* _PROBLEM TO SOLVE_
Every line below should be repeated exactly.

[DATASET CONTENT]

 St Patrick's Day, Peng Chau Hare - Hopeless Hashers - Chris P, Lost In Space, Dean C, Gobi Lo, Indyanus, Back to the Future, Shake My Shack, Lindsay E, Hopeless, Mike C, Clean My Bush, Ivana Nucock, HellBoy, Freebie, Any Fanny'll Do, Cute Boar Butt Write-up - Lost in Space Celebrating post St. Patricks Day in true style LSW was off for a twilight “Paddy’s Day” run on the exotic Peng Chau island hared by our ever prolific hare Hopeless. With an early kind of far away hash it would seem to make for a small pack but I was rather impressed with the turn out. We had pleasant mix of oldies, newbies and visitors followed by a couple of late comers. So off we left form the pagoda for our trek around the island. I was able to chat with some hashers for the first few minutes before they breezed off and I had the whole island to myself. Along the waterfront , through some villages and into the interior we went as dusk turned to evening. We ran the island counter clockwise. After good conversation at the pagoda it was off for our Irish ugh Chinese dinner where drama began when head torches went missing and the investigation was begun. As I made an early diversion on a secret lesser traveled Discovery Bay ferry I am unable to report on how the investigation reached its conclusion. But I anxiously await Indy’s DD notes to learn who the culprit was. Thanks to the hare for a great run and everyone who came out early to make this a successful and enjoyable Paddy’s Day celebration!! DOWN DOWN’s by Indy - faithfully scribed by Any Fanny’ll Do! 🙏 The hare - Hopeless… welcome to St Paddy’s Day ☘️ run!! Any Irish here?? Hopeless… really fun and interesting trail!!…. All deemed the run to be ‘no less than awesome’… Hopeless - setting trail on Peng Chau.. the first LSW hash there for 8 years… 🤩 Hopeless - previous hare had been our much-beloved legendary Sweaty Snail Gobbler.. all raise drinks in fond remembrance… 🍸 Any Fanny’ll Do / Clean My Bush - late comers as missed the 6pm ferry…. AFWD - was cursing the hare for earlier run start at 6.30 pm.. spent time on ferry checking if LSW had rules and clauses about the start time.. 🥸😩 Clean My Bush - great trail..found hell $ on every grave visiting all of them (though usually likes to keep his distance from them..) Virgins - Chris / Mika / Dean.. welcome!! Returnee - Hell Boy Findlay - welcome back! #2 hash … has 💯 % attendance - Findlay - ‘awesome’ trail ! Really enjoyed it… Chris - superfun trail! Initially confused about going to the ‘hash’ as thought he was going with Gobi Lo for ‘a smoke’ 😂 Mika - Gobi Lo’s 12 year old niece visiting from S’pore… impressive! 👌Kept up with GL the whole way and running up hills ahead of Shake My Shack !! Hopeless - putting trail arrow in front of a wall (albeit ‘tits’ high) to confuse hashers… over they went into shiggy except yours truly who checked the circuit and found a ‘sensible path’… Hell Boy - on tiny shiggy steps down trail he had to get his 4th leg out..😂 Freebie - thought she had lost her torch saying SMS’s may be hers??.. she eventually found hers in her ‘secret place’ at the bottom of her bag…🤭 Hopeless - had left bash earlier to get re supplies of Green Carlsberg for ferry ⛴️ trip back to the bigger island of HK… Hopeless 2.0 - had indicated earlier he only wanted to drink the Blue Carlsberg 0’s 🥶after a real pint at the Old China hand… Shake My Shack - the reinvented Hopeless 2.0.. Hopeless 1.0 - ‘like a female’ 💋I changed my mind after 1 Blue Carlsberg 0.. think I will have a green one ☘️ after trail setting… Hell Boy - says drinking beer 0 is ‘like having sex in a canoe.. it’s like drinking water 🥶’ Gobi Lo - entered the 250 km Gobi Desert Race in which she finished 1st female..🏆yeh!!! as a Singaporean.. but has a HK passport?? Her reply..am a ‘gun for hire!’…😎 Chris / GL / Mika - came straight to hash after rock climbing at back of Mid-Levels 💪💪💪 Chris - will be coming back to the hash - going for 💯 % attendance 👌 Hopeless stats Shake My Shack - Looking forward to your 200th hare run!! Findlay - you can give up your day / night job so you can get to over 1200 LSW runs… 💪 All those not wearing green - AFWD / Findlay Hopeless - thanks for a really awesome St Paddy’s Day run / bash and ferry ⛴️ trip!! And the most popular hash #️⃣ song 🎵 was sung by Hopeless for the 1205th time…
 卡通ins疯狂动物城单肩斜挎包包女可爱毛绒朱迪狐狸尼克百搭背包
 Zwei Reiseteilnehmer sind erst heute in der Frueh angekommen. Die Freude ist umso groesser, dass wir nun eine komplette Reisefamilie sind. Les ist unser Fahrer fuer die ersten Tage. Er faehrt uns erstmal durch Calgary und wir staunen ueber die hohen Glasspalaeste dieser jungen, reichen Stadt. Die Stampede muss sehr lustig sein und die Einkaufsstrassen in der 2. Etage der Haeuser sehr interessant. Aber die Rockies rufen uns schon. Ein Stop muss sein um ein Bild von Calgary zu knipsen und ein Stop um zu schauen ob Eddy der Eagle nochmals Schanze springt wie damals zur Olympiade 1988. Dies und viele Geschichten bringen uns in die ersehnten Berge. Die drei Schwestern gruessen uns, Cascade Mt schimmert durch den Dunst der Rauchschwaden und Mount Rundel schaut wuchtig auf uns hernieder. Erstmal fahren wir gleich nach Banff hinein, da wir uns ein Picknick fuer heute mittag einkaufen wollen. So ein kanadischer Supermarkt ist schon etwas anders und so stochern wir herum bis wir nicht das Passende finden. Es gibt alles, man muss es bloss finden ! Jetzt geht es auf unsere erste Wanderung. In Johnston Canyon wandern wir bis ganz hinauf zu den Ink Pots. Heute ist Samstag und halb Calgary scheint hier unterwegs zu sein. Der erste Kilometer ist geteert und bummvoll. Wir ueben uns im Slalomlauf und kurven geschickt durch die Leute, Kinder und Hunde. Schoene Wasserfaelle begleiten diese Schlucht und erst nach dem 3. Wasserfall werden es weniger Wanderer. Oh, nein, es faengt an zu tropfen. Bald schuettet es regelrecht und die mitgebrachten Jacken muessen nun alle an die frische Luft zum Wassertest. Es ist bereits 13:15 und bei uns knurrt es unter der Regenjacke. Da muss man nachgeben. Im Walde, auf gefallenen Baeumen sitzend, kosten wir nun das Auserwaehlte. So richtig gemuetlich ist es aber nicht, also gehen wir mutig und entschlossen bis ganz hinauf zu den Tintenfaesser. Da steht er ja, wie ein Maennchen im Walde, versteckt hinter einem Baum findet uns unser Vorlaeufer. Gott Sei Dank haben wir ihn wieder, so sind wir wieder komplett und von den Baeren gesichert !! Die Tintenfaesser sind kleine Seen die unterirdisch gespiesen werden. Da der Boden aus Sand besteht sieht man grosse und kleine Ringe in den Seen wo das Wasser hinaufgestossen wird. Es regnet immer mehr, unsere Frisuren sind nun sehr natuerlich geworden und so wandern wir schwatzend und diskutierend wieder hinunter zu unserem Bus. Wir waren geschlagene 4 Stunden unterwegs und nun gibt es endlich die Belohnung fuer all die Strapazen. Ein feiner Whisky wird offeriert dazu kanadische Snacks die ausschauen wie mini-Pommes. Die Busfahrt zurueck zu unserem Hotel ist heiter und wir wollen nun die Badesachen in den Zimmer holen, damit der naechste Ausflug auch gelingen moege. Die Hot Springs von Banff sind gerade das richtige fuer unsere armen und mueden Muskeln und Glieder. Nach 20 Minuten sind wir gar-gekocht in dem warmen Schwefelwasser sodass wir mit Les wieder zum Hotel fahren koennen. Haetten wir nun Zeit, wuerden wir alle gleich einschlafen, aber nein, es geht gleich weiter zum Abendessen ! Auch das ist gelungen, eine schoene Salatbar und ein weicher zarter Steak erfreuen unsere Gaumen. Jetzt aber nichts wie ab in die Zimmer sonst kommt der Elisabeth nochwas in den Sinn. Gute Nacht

[/DATASET CONTENT]

* _RESULT_
 St Patrick's Day, Peng Chau Hare - Hopeless Hashers - Chris P, Lost In Space, Dean C, Gobi Lo, Indyanus, Back to the Future, Shake My Shack, Lindsay E, Hopeless, Mike C, Clean My Bush, Ivana Nucock, HellBoy, Freebie, Any Fanny'll Do, Cute Boar Butt Write-up - Lost in Space Celebrating post St. Patricks Day in true style LSW was off for a twilight “Paddy’s Day” run on the exotic Peng Chau island hared by our ever prolific hare Hopeless. With an early kind of far away hash it would seem to make for a small pack but I was rather impressed with the turn out. We had pleasant mix of oldies, newbies and visitors followed by a couple of late comers. So off we left form the pagoda for our trek around the island. I was able to chat with some hashers for the first few minutes before they breezed off and I had the whole island to myself. Along the waterfront , through some villages and into the interior we went as dusk turned to evening. We ran the island counter clockwise. After good conversation at the pagoda it was off for our Irish ugh Chinese dinner where drama began when head torches went missing and the investigation was begun. As I made an early diversion on a secret lesser traveled Discovery Bay ferry I am unable to report on how the investigation reached its conclusion. But I anxiously await Indy’s DD notes to learn who the culprit was. Thanks to the hare for a great run and everyone who came out early to make this a successful and enjoyable Paddy’s Day celebration!! DOWN DOWN’s by Indy - faithfully scribed by Any Fanny’ll Do! 🙏 The hare - Hopeless… welcome to St Paddy’s Day ☘️ run!! Any Irish here?? Hopeless… really fun and interesting trail!!…. All deemed the run to be ‘no less than awesome’… Hopeless - setting trail on Peng Chau.. the first LSW hash there for 8 years… 🤩 Hopeless - previous hare had been our much-beloved legendary Sweaty Snail Gobbler.. all raise drinks in fond remembrance… 🍸 Any Fanny’ll Do / Clean My Bush - late comers as missed the 6pm ferry…. AFWD - was cursing the hare for earlier run start at 6.30 pm.. spent time on ferry checking if LSW had rules and clauses about the start time.. 🥸😩 Clean My Bush - great trail..found hell $ on every grave visiting all of them (though usually likes to keep his distance from them..) Virgins - Chris / Mika / Dean.. welcome!! Returnee - Hell Boy Findlay - welcome back! #2 hash … has 💯 % attendance - Findlay - ‘awesome’ trail ! Really enjoyed it… Chris - superfun trail! Initially confused about going to the ‘hash’ as thought he was going with Gobi Lo for ‘a smoke’ 😂 Mika - Gobi Lo’s 12 year old niece visiting from S’pore… impressive! 👌Kept up with GL the whole way and running up hills ahead of Shake My Shack !! Hopeless - putting trail arrow in front of a wall (albeit ‘tits’ high) to confuse hashers… over they went into shiggy except yours truly who checked the circuit and found a ‘sensible path’… Hell Boy - on tiny shiggy steps down trail he had to get his 4th leg out..😂 Freebie - thought she had lost her torch saying SMS’s may be hers??.. she eventually found hers in her ‘secret place’ at the bottom of her bag…🤭 Hopeless - had left bash earlier to get re supplies of Green Carlsberg for ferry ⛴️ trip back to the bigger island of HK… Hopeless 2.0 - had indicated earlier he only wanted to drink the Blue Carlsberg 0’s 🥶after a real pint at the Old China hand… Shake My Shack - the reinvented Hopeless 2.0.. Hopeless 1.0 - ‘like a female’ 💋I changed my mind after 1 Blue Carlsberg 0.. think I will have a green one ☘️ after trail setting… Hell Boy - says drinking beer 0 is ‘like having sex in a canoe.. it’s like drinking water 🥶’ Gobi Lo - entered the 250 km Gobi Desert Race in which she finished 1st female..🏆yeh!!! as a Singaporean.. but has a HK passport?? Her reply..am a ‘gun for hire!’…😎 Chris / GL / Mika - came straight to hash after rock climbing at back of Mid-Levels 💪💪💪 Chris - will be coming back to the hash - going for 💯 % attendance 👌 Hopeless stats Shake My Shack - Looking forward to your 200th hare run!! Findlay - you can give up your day / night job so you can get to over 1200 LSW runs… 💪 All those not wearing green - AFWD / Findlay Hopeless - thanks for a really awesome St Paddy’s Day run / bash and ferry ⛴️ trip!! And the most popular hash #️⃣ song 🎵 was sung by Hopeless for the 1205th time…
 卡通ins疯狂动物城单肩斜挎包包女可爱毛绒朱迪狐狸尼克百搭背包
 Zwei Reiseteilnehmer sind erst heute in der Frueh angekommen. Die Freude ist umso groesser, dass wir nun eine komplette Reisefamilie sind. Les ist unser Fahrer fuer die ersten Tage. Er faehrt uns erstmal durch Calgary und wir staunen ueber die hohen Glasspalaeste dieser jungen, reichen Stadt. Die Stampede muss sehr lustig sein und die Einkaufsstrassen in der 2. Etage der Haeuser sehr interessant. Aber die Rockies rufen uns schon. Ein Stop muss sein um ein Bild von Calgary zu knipsen und ein Stop um zu schauen ob Eddy der Eagle nochmals Schanze springt wie damals zur Olympiade 1988. Dies und viele Geschichten bringen uns in die ersehnten Berge. Die drei Schwestern gruessen uns, Cascade Mt schimmert durch den Dunst der Rauchschwaden und Mount Rundel schaut wuchtig auf uns hernieder. Erstmal fahren wir gleich nach Banff hinein, da wir uns ein Picknick fuer heute mittag einkaufen wollen. So ein kanadischer Supermarkt ist schon etwas anders und so stochern wir herum bis wir nicht das Passende finden. Es gibt alles, man muss es bloss finden ! Jetzt geht es auf unsere erste Wanderung. In Johnston Canyon wandern wir bis ganz hinauf zu den Ink Pots. Heute ist Samstag und halb Calgary scheint hier unterwegs zu sein. Der erste Kilometer ist geteert und bummvoll. Wir ueben uns im Slalomlauf und kurven geschickt durch die Leute, Kinder und Hunde. Schoene Wasserfaelle begleiten diese Schlucht und erst nach dem 3. Wasserfall werden es weniger Wanderer. Oh, nein, es faengt an zu tropfen. Bald schuettet es regelrecht und die mitgebrachten Jacken muessen nun alle an die frische Luft zum Wassertest. Es ist bereits 13:15 und bei uns knurrt es unter der Regenjacke. Da muss man nachgeben. Im Walde, auf gefallenen Baeumen sitzend, kosten wir nun das Auserwaehlte. So richtig gemuetlich ist es aber nicht, also gehen wir mutig und entschlossen bis ganz hinauf zu den Tintenfaesser. Da steht er ja, wie ein Maennchen im Walde, versteckt hinter einem Baum findet uns unser Vorlaeufer. Gott Sei Dank haben wir ihn wieder, so sind wir wieder komplett und von den Baeren gesichert !! Die Tintenfaesser sind kleine Seen die unterirdisch gespiesen werden. Da der Boden aus Sand besteht sieht man grosse und kleine Ringe in den Seen wo das Wasser hinaufgestossen wird. Es regnet immer mehr, unsere Frisuren sind nun sehr natuerlich geworden und so wandern wir schwatzend und diskutierend wieder hinunter zu unserem Bus. Wir waren geschlagene 4 Stunden unterwegs und nun gibt es endlich die Belohnung fuer all die Strapazen. Ein feiner Whisky wird offeriert dazu kanadische Snacks die ausschauen wie mini-Pommes. Die Busfahrt zurueck zu unserem Hotel ist heiter und wir wollen nun die Badesachen in den Zimmer holen, damit der naechste Ausflug auch gelingen moege. Die Hot Springs von Banff sind gerade das richtige fuer unsere armen und mueden Muskeln und Glieder. Nach 20 Minuten sind wir gar-gekocht in dem warmen Schwefelwasser sodass wir mit Les wieder zum Hotel fahren koennen. Haetten wir nun Zeit, wuerden wir alle gleich einschlafen, aber nein, es geht gleich weiter zum Abendessen ! Auch das ist gelungen, eine schoene Salatbar und ein weicher zarter Steak erfreuen unsere Gaumen. Jetzt aber nichts wie ab in die Zimmer sonst kommt der Elisabeth nochwas in den Sinn. Gute Nacht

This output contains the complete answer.